Pero pronto irrumpió una ola que barrió con todas estas formas. Llegó con los mongoles bajo el mando de Hulagu, que pasaron de la destrucción de los Asesinos a la destrucción de Bagdad y del Califato. En el año 656 de la Hégira (1258 d.C.), la ciudad fue tomada y llegó el fin de los abasíes. Un tío del califa reinante escapó y huyó a Egipto, donde el sultán mameluco lo recibió y le dio una corte espiritual [54] y reconocimiento eclesiástico. Le pareció bien tener un califa propio para utilizarlo en cualquier cuestión de legitimidad. El nombre tenía mucho valor. Finalmente, en 1517, el gobierno mameluco cayó ante los turcos otomanos, y la historia que cuentan es que el último abasí, cuando murió en 1538, entregó sus derechos a su sultán, Sulayman el Grande. Desde entonces, el sultán otomano de Constantinopla ha afirmado ser el califa de Mahoma y el líder espiritual del mundo musulmán.
Tales fueron los destinos de los Comandantes de los Creyentes. Hemos seguido su rastro a través de un largo y tortuoso camino, lleno de confusiones y complicaciones. Dejando de lado al partido legitimista, todo puede resumirse en una palabra. La posición teórica era que el Imán, o líder, debía ser elegido por la comunidad musulmana, y esa posición nunca, teóricamente, se abandonó. Cada nuevo soberano otomano es elegido solemnemente por los Ulama, o abogados canónicos y teólogos de Constantinopla. Su soberanía temporal viene por sangre; al otorgar esta soberanía espiritual, los Ulama actúan como representantes del Pueblo de Mahoma.

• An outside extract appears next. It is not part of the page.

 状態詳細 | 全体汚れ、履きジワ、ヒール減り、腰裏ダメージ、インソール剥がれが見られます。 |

Así, la posición teórica estaba sujeta a muchas modificaciones en la práctica. La comunidad musulmana se resuelve en el pueblo de la capital; más aún, en la guardia personal del Califa muerto; y, finalmente, como ahora, en los peculiares custodios de la Fe. Entre los ibaditas, la posición desde el principio parece haber sido que sólo los versados en la ley debían actuar como electores. Junto con esto, se desarrolló la doctrina de que era [55] el deber del pueblo reconocer un fait accompli y rendir homenaje a un usurpador exitoso, hasta que apareciera otro más exitoso. Habían aprendido que era mejor tener un mal gobernante que ninguno. Este fue el fin de la democracia del Islam.

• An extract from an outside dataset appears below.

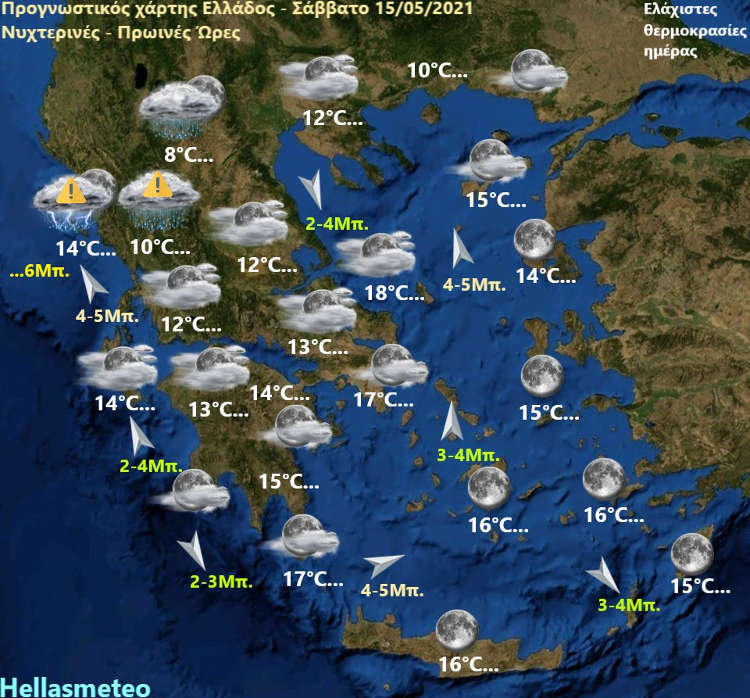 Μέσα στην νύχτα και κατά την διάρκεια των πρωινών ωρών, ο καιρός σε γενικές γραμμές θα είναι αρκετά καλός στις περισσότερες περιοχές της χώρας μας και ιδιαίτερα στα πιο ανατολικά ηπειρωτικά τμήματα και τα νησιά του Αιγαίου όπου θα επικρατήσει ξαστεριά. Κάπως περισσότερες αναμένεται να είναι οι νεφώσεις στην δυτική Ελλάδα, οι οποίες μέχρι το ξημέρωμα θα επεκταθούν στα περισσότερα δυτικά, κεντρικά και βόρεια τμήματα. Αργά το ξημέρωμα ο καιρός αναμένεται να παρουσιάσει σημαντική επιδείνωση στα βορειοδυτικά και θα ξεκινήσουν να εκδηλώνονται βροχές οι οποίες αρχικά θα επηρεάσουν το βόρειο Ιόνιο και μέχρι το πρωί την Ήπειρο. Μέσα στις πρωινές ώρες τα φαινόμενα θα ενταθούν σημαντικά και θα εκδηλωθούν καταιγίδες κατά τόπους ισχυρές. Υπαρκτό είναι το ενδεχόμενο τα φαινόμενα να παρουσιάσουν τοπικά σημάδια υψηλής ραγδαιότητας.

Finalmente, puede ser bueno dar alguna explicación de la cuestión constitucional tal como existe en la actualidad. El más grande de los sultanes del Islam es sin duda el Emperador de la India. Bajo su gobierno hay muchos más musulmanes que bajo cualquier otro. Pero la teoría del Estado musulmán nunca contempló la posibilidad de que los musulmanes vivan bajo el gobierno de un infiel. Para ellos, el mundo está dividido en dos partes, una es Dar al-Islam, morada del Islam; y la otra es Dar al-Harb, morada de la guerra. Al final, Dar al-Harb debe desaparecer en Dar al-Islam y el mundo entero debe ser musulmán. Estos nombres indican con suficiente claridad cuál es la actitud musulmana hacia los no musulmanes. Sin embargo, sigue siendo un punto discutible entre los juristas canónicos si la yihad, o guerra santa, puede hacerse, sin provocación, contra cualquier Dar al-Harb. Una cosa es cierta, debe haber una perspectiva razonable de éxito para justificar cualquier movimiento de ese tipo; las vidas de los musulmanes no deben ser desperdiciadas. Además, la necesidad del caso -en la India, especialmente- ha hecho surgir la doctrina de que cualquier país en el que se protejan los usos peculiares del Islam y se sigan sus preceptos [56] -incluso algunos de ellos- debe ser considerado como Dar al-Islam y que la Yihad dentro de sus fronteras está prohibida. Sin embargo, podemos dudar de que esta doctrina frene a los musulmanes indios en algún grado si realmente se presentara una buena oportunidad para una Yihad. Los chiítas, cabe señalar, no pueden emprender una Yihad en absoluto hasta que el Imán Oculto regrese y dirija sus ejércitos.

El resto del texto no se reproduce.